Another predefined objective was feasibility under real exhibition conditions. The concept had to be robust, intuitive for first-time users, and structured so that physical interaction, visual guidance, and digital deep dives supported one another instead of competing.
A core challenge in this phase was preserving complexity without overloading visitors. We therefore treated clarity and accessibility as fixed success criteria for every decision.
Outcome
Physical Build, Tactile Learning, and Digital Extension
1. Build: The box consists of a wooden drawer base, pull-out information cards, LED feedback with reed-switch triggers, and a structured top layer designed for open exploration rather than step-by-step guidance.
Box architecture with drawer mechanics and non-linear, self-directed handling
Final assembled build with integrated physical interaction layers
2. Tactile components: The 3D-printed fossils are arranged chronologically by age: the oldest specimen (fern, left) is placed at the lowest stratigraphic level, while the youngest (mammoth, right) sits highest within the fossil-bearing layers, above the other three species. In addition, habitat references and touchable species-specific materials such as fur, feathers, leaves, and shells are provided so visitors can experience each organism up close.
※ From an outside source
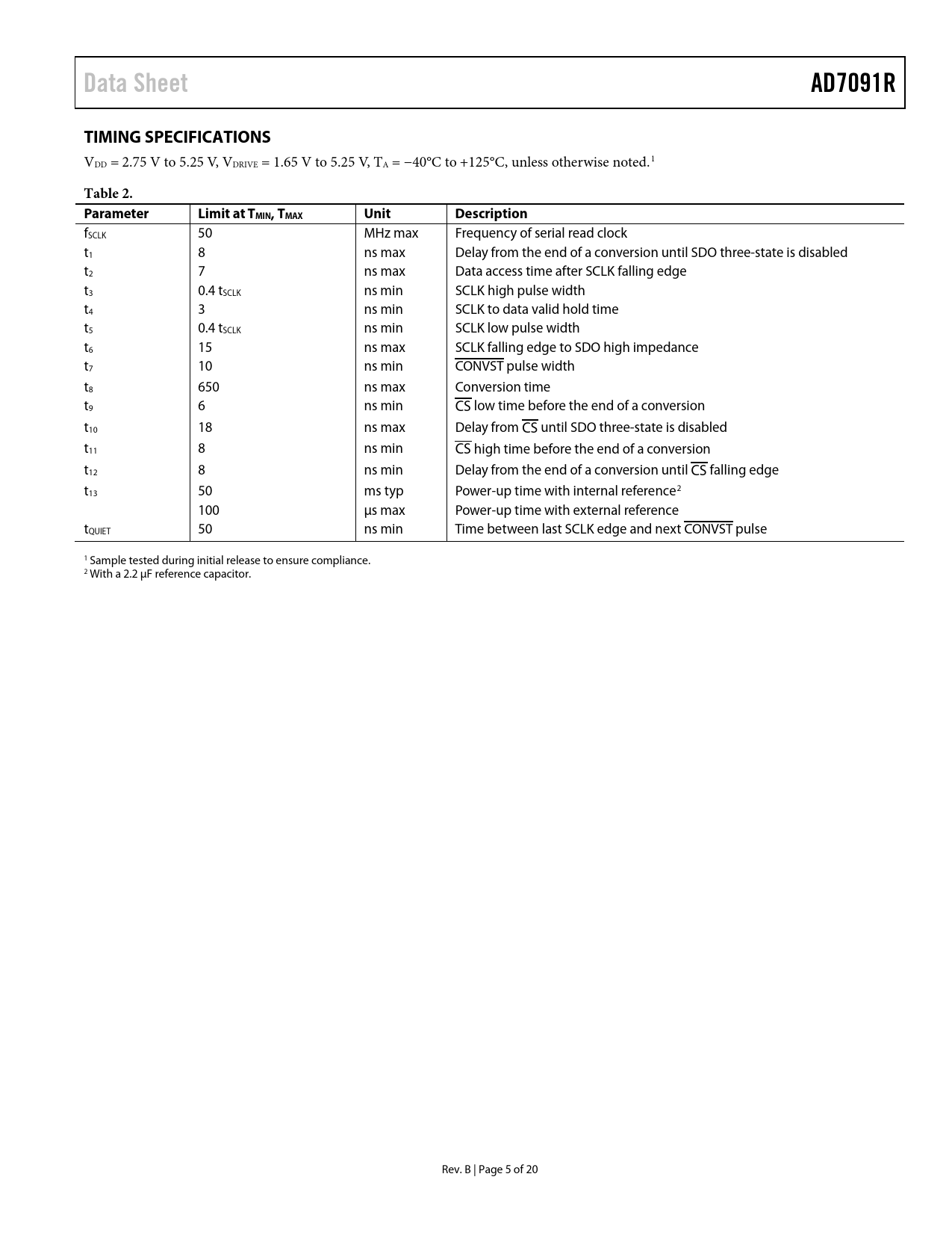 Data SheetAD7091RTIMING SPECIFICATIONS VDD = 2.75 V to 5.25 V, VDRIVE = 1.65 V to 5.25 V, TA = −40°C to +125°C, unless otherwise noted.1 Table 2. ParameterLimit at TMIN, TMAXUnitDescription fSCLK 50 MHz max Frequency of serial read clock t1 8 ns max Delay from the end of a conversion until SDO three-state is disabled t2 7 ns max Data access time after SCLK falling edge t3 0.4 tSCLK ns min SCLK high pulse width t4 3 ns min SCLK to data valid hold time t5 0.4 tSCLK ns min SCLK low pulse width t6 15 ns max SCLK falling edge to SDO high impedance t7 10 ns min CONVST pulse width t8 650 ns max Conversion time t9 6 ns min CS low time before the end of a conversion t10 18 ns max Delay from CS until SDO three-state is disabled t11 8 ns min CS high time before the end of a conversion t12 8 ns min Delay from the end of a conversion until CS falling edge t13 50 ms typ Power-up time with internal reference2 100 µs max Power-up time with external reference tQUIET 50 ns min Time between last SCLK edge and next CONVST pulse 1 Sample tested during initial release to ensure compliance. 2 With a 2.2 µF reference capacitor. Rev. B | Page 5 of 20 Document Outline FEATURES APPLICATIONS GENERAL DESCRIPTION FUNCTIONAL BLOCK DIAGRAM PRODUCT HIGHLIGHTS REVISION HISTORY SPECIFICATIONS TIMING SPECIFICATIONS ABSOLUTE MAXIMUM RATINGS THERMAL RESISTANCE ESD CAUTION PIN CONFIGURATION AND FUNCTION DESCRIPTIONS TYPICAL PERFORMANCE CHARACTERISTICS TERMINOLOGY THEORY OF OPERATION CIRCUIT INFORMATION CONVERTER OPERATION ADC TRANSFER FUNCTION INTERNAL/EXTERNAL VOLTAGE REFERENCE TYPICAL CONNECTION DIAGRAM ANALOG INPUT MODES OF OPERATION Normal Mode Power-Down Mode POWER CONSUMPTION Normal Mode Normal and Power-Down Mode Combination SERIAL INTERFACE WITH BUSY INDICATOR WITHOUT BUSY INDICATOR SOFTWARE RESET INTERFACING WITH 8-/16-BIT SPI OUTLINE DIMENSIONS ORDERING GUIDE

Chronological 3D fossil placement in foam for tactile comparison
Texture elements that make geological differences physically tangible
3. Digital component: QR codes connect each organism to Figma-animated Blender renderings that explain different fossilization processes, including permafrost, sedimentary, and terrestrial pathways. The arrangement groups each species' appearance, habitat, living environment, and fossilization process as one coherent visual unit.
QR-linked digital narratives with animated Blender-based fossilization sequences
Species-specific QR access points connecting physical cards to digital fossilization stories
Together, these layers create one coherent outcome: a robust installation that turns abstract deep-time knowledge into an interactive and memorable learning experience.